No more cold wax congealed
beside wilted blooms
and smiling snapshots
marooned on sidewalks.

Wednesday, December 18, 2019

Inventory


thirty-six by twenty-nine
three windows, gold curtains
four doors, one fireplace
two brocade-upholstered sofas
faux Louis XIV chairs
one coffee table
grandfather clock
desk telephone
six flags

oval rug with sunburst center
and presidential seal
large thousand-pound oak desk
made from a failed Arctic expedition
small Remington bronze
portrait and equestrian statue
of the Indian killer, Jackson
letter from Nixon
custom black Sharpie markers
zero scruples or compassion

Friday, December 13, 2019

The gutter


I heard the gutter roar,
the torrent in the street
rushing to join
the ever swelling sea.

And the arenas thrilled
when the smirking fake
who spilled and spewed his hate
was echoed in the halls of state.

So now I must give a measure
of grudging thanks
that the mask is dropped,
their leering lust made plain.

Before I closed my eyes
to sleep last night,
I let the pages of my Bible
open to where they would

And read the psalmist’s plea:
Lord, how long shall the wicked,
How long shall the wicked triumph?
How long shall they utter and speak hard things?

And all the workers of iniquity
boast themselves?
They break in pieces your people,
and afflict your heritage.

They slay the widow and the stranger
and murder the fatherless.
Yet they say the Lord shall not see,
neither shall the God of Jacob regard it.

Understand you brutish among the people,
and you fools, when will you be wise?
He that planted the ear, shall he not hear?
He that formed the eye, shall he not see?

The gutter still roars this morning,
this dark season has not ceased,
The fever in this diseased republic
has yet to break and the question hangs

like the fog clinging to the mountain.
How long shall the wicked triumph?
Will the throne of iniquity have fellowship
with You and frame mischief by a law?

Wednesday, November 13, 2019

Fate


Is this to be a frogless,
scorched scrub state?

Meadows choked
with broom and thistle,

a thirsty fate
that waits for

the inevitable flame
to climb the ladder.

Saturday, November 2, 2019

The bridge


I kind of thought I’d just ease
into the evening of my life.
No drama, no trauma
no surprises or trapezes.

Familiar places, familiar faces.
Sprawled out and dozing 
in the same spot on the couch.

You might say it was the epitome
of everything Is just fine.
If anyone asked,
I could nod my head
And say, yeah, it’s all okay.

And it was.
Life’s warm evening,
not a sunrise or a noon.

That all evaporated
like a summer pond.
All those assumptions
-gone.
And suddenly
I was surrounded

by all the memorial objects
of another person’s life.
The scarves and scars,
hotel soaps
and refrigerator magnets.
Shoes.

Where were mine?
Gathering dust
on the bookshelves
in the closet.

And my island home
was being gutted
day by day,
week by week.

I might have thought
that God forgot.
But it was me who had forgotten
that there was a warm hand

If I would just reach out
to take it.

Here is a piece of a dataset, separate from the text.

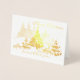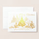 Real Foil Christmas Goats in a winter setting in a grove of pine trees with the decorated Christmas tree in the centre. Dairy goats standing in the snow gives a serene feeling of Peace - Front Greeting and Inside message is completely customisable

There always is
if our hearts are open.
To joy as well as sorrow.

There was a bridge
to leave that island
and I’ve crossed it.

Wednesday, October 16, 2019

City of Angels


He didn't speak a word.
His ragged breath just slowed.
Then stopped.

What did he see
as gazed up at the sky?
The gray Los Angeles haze?
Or an angel's welcoming arms.

As his heart tried to beat
just a few more times,
already fading in defeat
by the gangbanger's knife,

was he thinking about
the revolution or his
toddling son?
Then he was gone.

I saw the life pass
from his eyes
and felt the warmth
and wetness where
I knelt in his blood.

Already in the moment
that I rose wobbly to my feet,
it grew cold and sticky
on my hands and jeans.
The Party had a martyr
but the angels know the truth.

Friday, October 4, 2019

Goodbye, Treasure Island


Another day, another void,
another structure gone.
the mound replaced
by the pit.

And i'll be gone
before the toads
resume their songs
from the toxic pond.

No more Christmas trees
or turkey feasts,
all the children's toys
and games abandoned,
the children left last year.

The thousand pounds
of books i'll keep
are piling high
in neatly sorted boxes.

I’ll surround myself
in my new home
with walls of words
on paper. I can see it.

I found an empty
snail inside a snail.
The husk of the island
hollows out each day.

Like a hermit crab
my own new shell
will fit me better.
A hermit’s home no more.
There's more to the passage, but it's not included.